CARSON CITY — The Nevada Supreme Court on Thursday ruled in a long-awaited dispute over homeowner association dues in super-priority lien cases, finding that Nevada law does not allow the collection of costs and fees in addition to nine months of back-owed assessments.
The unanimous ruling came in an appeal brought by Horizons at Seven Hills Homeowners Association against Ikon Holdings.
The ruling is a major victory for investors, banks and others who acquired the foreclosed properties. It is a big loss for homeowners associations, collection agencies and others who sought additional compensation in the super-priority lien process.
The super-priority lien in Nevada law allows associations to recover nine months’ worth of assessments.
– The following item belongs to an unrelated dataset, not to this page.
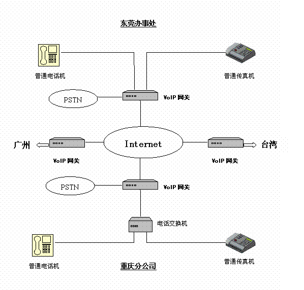 有一家臺商公司,在臺灣、東莞、廣州和重慶自己的分支機構(gòu),相互之間有大量的通話聯(lián)系,特別是研發(fā)部門,其通話量更是非常大。因此試圖在各個地方之間使用IP電話來降低通訊支出。在實施IP電話服務之前,各個地方都擁有完善的局域網(wǎng),并且申請了固定IP的寬帶接入。并且在辦公室內(nèi)部署了程控電話交換機。

But a yearslong legal dispute has been waged over whether fees and collection costs could be included as part of the lien.
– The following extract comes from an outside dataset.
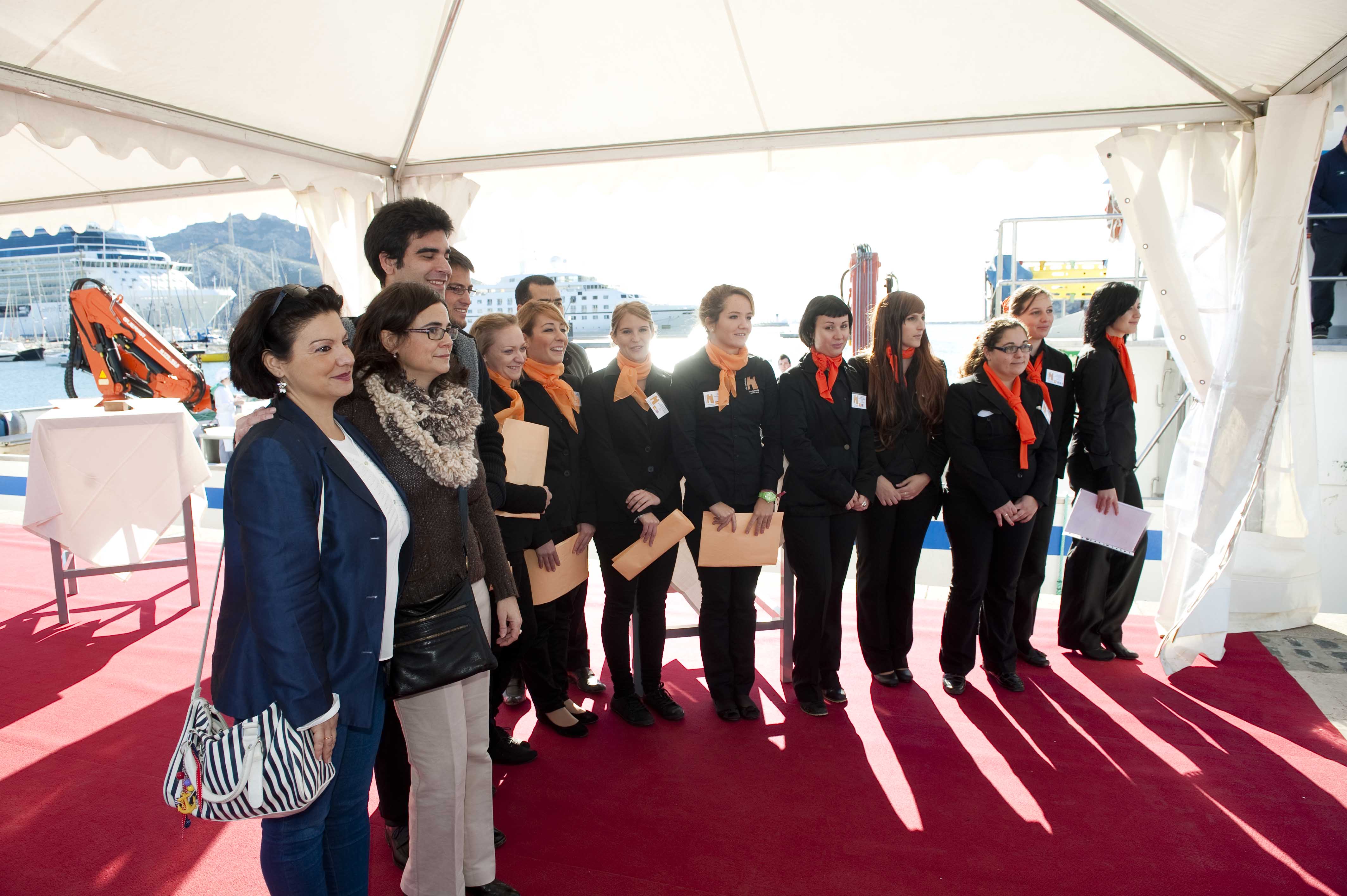 El curso de corte de productos de acuicultura marina se ha desarrollado a bordo del catamarán de una piscifactoría de la zona. Es más, los alumnos podrán subir mañana a bordo de uno de los dos cruceros que llegan el viernes a Cartagena y conocer las instalaciones de cocina.

The court ruling resolves the question for lien cases dating from the foreclosure crisis that reached a peak in 2009 to 2011.
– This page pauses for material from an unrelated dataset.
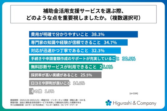 次に、「補助金活用支援サービスを選ぶ際、どのような点を重要視したか」を問う設問の回答では、1位が「費用が明確で分かりやすいこと」で38.3%、2位が「専門家の知識や経験が信頼できること」で34.7%、3位が「対応が迅速かつ丁寧であること」で32.3%という結果になりました。ただ、4位以降も回答率20%以上の回答が複数並ぶ形となり、補助金活用支援サービスを選ぶ際に重要視するポイントは多岐に渡ることが、この結果から明らかになりました。

But the opinion does not apply going forward.
The Nevada Legislature in 2015 amended state law to include certain fees and costs in super-priority liens.
Las Vegas attorneys James Adams and Puoy Premsrirut were pleased with the ruling that will favor their clients in 135 separate cases.
“We now have clarification of what the plain words of the statute mean — that they cannot include fees and costs in super-priority liens,” Adams said. “I am very happy not only for all the lawyers involved, but for all of the many judges who have been agonizing over this for the last six years. Now I hope we can move forward and get these cases concluded.”
Premsrirut said the fight was against a multitude of lawyers representing clients with deep financial resources.
“I am proud of our Supreme Court today because they did not legislate from the bench,” she said. “They followed the law.”
Homeowners’ association representatives, who could not be reached for comment Thursday, had argued that their boards had to rely on collection agencies because they did not have the time or expertise to pursue delinquent assessments alone. They also pointed out that the assessments were the only revenue source available to maintain the communities.